My ultimate goal was to help other beginners get their feet wet so that they could modify my pipeline however it fit best with their own specific needs. And I understand that Kallisto and DESeq2 may not be the best avenue for a given project, but after gaining experience with one method of analysis, I hope it would be easier to begin exploring other methods, like you mentioned.
Thank you very much for your comments - I think you bring up an important perspective about the pros and cons of using pipelines and templates. I wish you the best with your projects as well!
Great - I think we are pretty much on the same page.
Would it be possible to create a smaller RNA-Seq demo dataset? For example, perhaps the MiSeq samples from SRP012607 (maybe even smaller, if possible)?
In other words, I have started some testing with the following set of samples:
However, it looks like the process is semi-automated (so, some files/folders are generated, but you need the extra information in the example to run the appropriate commands, which you have to execute separately from the program).
So, I think this is an interesting way to help get things configured, but I do think users probably should expect some non-trivial amount of time to get everything set up (and understand how the steps are all connected).
Thank you again!
Not directly related to present thread but @Wouter had created a similar framework called
DEA.R. In case you were interested in such pipelines. Note: It is not currently under active maintenance.

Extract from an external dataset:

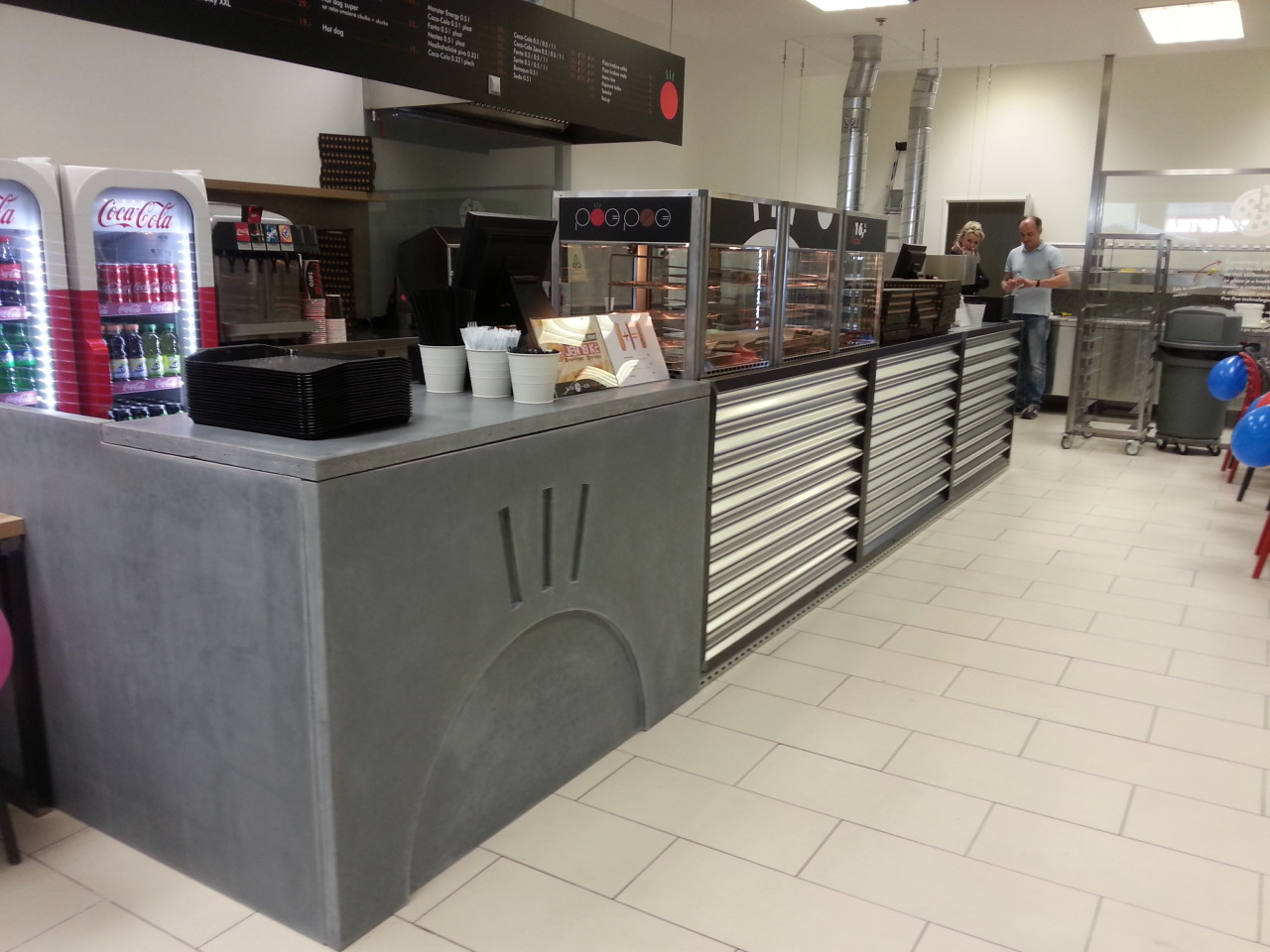 Pro restauraci rychlého občerstvení v Brně jsme vyrobili betonové pulty a jejich obložení.

Thank you for the reference!
I apologize for potentially being a bad example - I was adding a comment because I didn't want to over-emphasize my points/questions (since only the last part really related to using the code, and I didn't know I would provide that input in advance).

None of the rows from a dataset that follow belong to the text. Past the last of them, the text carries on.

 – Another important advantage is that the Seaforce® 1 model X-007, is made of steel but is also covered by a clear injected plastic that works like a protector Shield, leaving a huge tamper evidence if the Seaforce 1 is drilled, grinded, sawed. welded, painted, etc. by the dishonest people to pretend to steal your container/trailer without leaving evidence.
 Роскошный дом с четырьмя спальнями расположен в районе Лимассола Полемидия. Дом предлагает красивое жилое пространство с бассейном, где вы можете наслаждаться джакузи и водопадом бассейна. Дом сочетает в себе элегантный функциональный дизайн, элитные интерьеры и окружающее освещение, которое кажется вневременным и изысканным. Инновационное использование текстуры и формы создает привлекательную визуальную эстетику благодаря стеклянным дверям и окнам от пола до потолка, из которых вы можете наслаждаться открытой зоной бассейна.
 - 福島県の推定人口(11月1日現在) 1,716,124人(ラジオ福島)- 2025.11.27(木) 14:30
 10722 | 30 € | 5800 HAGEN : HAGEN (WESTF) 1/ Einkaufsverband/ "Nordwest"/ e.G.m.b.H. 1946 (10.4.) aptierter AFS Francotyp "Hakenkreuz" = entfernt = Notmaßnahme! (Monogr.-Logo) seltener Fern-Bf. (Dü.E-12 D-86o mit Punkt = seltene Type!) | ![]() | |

However, to make your question more clear, I think it really should be an "answer" (even though it really is a question, that should help in getting responses / comments to your specific point).
Thank you very much for the suggestion - I was looking for a dataset that would be quicker to download for demonstration purposes. I am running through the program with this dataset right now and will most likely update the ReadMe to include it as a demo. But you are correct, the fastq-dump is the most time-consuming process, so setup takes some time - I will give an estimate as to how long this dataset will take to download so the user has an idea.
As for the example pipeline output that I provide, it is less useful as a standalone since throughout the progression of the program, the pipeline output file has instructions appended to it periodically, files are created and moved around, and the file structure changes based on the action of pressing buttons within the program as well as executing shell scripts. So the user will have to run through the entirety of the program on their own and follow instructions one by one. Hopefully the example pipeline would give a better idea of the overall purpose of the program though.
What is the reference genome that you use for this dataset? I tried Kallisto alignment with both Human GRCh37 and GRCh38 (from Ensembl cDNA) and I am getting read counts of 0 for all transcripts.